Work task
Every line of the listing must be reproduced as it stands. Leave the images behind.
+ + + + +
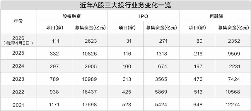 从上市券商营收来看,东吴证券研究所联席所长孙婷表示,受一二级市场逆周期调节机制、阶段性收紧IPO节奏等影响,2024年以来IPO发行速度有所放缓,券商投行业务收入持续下滑。在低基数、再融资显著回暖及港股IPO大增的背景下,2025年25家上市券商实现投行收入324亿元,同比增长38%。其中,红塔证券、国联民生、华安证券的投行收入同比增幅较高。
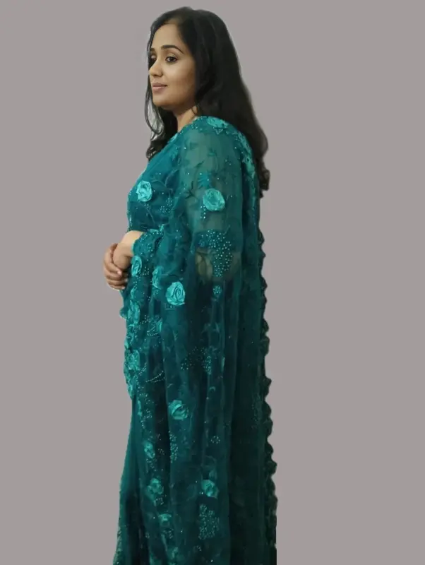 Aggiungi un tocco di eleganza e raffinatezza al tuo look da festa con questo splendido saree in rete verde acqua blu. Impreziosito da ricami floreali delicati e applicazioni 3D a forma di rosa, questo capo unisce perfettamente tradizione e glamour. Il tessuto in rete dona leggerezza e grazia, mentre il bordo riccamente decorato valorizza l’intero design.
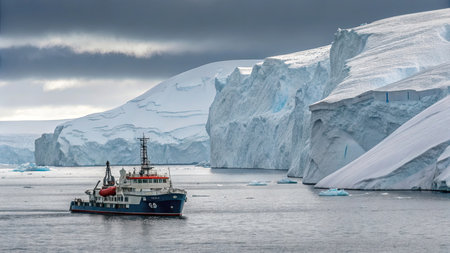 A red icebreaker ship cuts through icy polar waters, surrounded by majestic glaciers under clear, crisp skies in a remote landscape. Generative AI
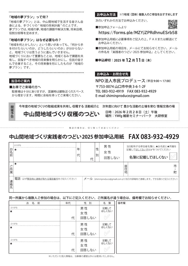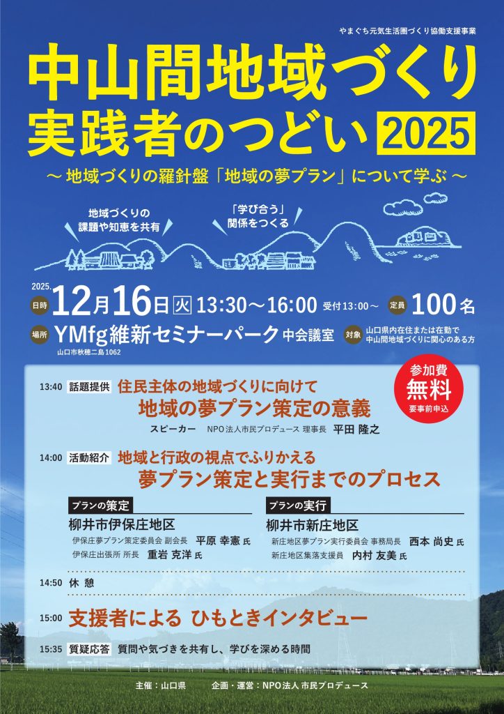 中山間地域づくり実践者のつどい2025(12/16開催、12/11締切・山口)
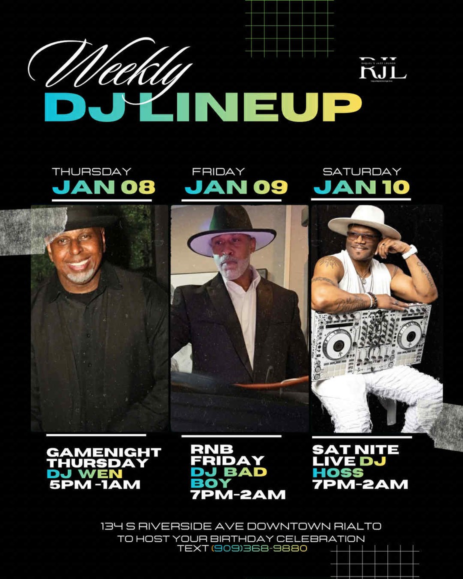 Join us every Thursday at Raquel’s Jazz Lounge for Game night! Enjoy watching sports, playing dominoes, Spades, and more. Thursdays are filled with great energy, and you definitely don’t want to miss out. There’s no cover charge, and plenty of seating awaits you! Need more info? TEXT 909-368-9880
+ + + + +
Your solution
 从上市券商营收来看,东吴证券研究所联席所长孙婷表示,受一二级市场逆周期调节机制、阶段性收紧IPO节奏等影响,2024年以来IPO发行速度有所放缓,券商投行业务收入持续下滑。在低基数、再融资显著回暖及港股IPO大增的背景下,2025年25家上市券商实现投行收入324亿元,同比增长38%。其中,红塔证券、国联民生、华安证券的投行收入同比增幅较高。
 Aggiungi un tocco di eleganza e raffinatezza al tuo look da festa con questo splendido saree in rete verde acqua blu. Impreziosito da ricami floreali delicati e applicazioni 3D a forma di rosa, questo capo unisce perfettamente tradizione e glamour. Il tessuto in rete dona leggerezza e grazia, mentre il bordo riccamente decorato valorizza l’intero design.
 A red icebreaker ship cuts through icy polar waters, surrounded by majestic glaciers under clear, crisp skies in a remote landscape. Generative AI
 中山間地域づくり実践者のつどい2025(12/16開催、12/11締切・山口)
 Join us every Thursday at Raquel’s Jazz Lounge for Game night! Enjoy watching sports, playing dominoes, Spades, and more. Thursdays are filled with great energy, and you definitely don’t want to miss out. There’s no cover charge, and plenty of seating awaits you! Need more info? TEXT 909-368-9880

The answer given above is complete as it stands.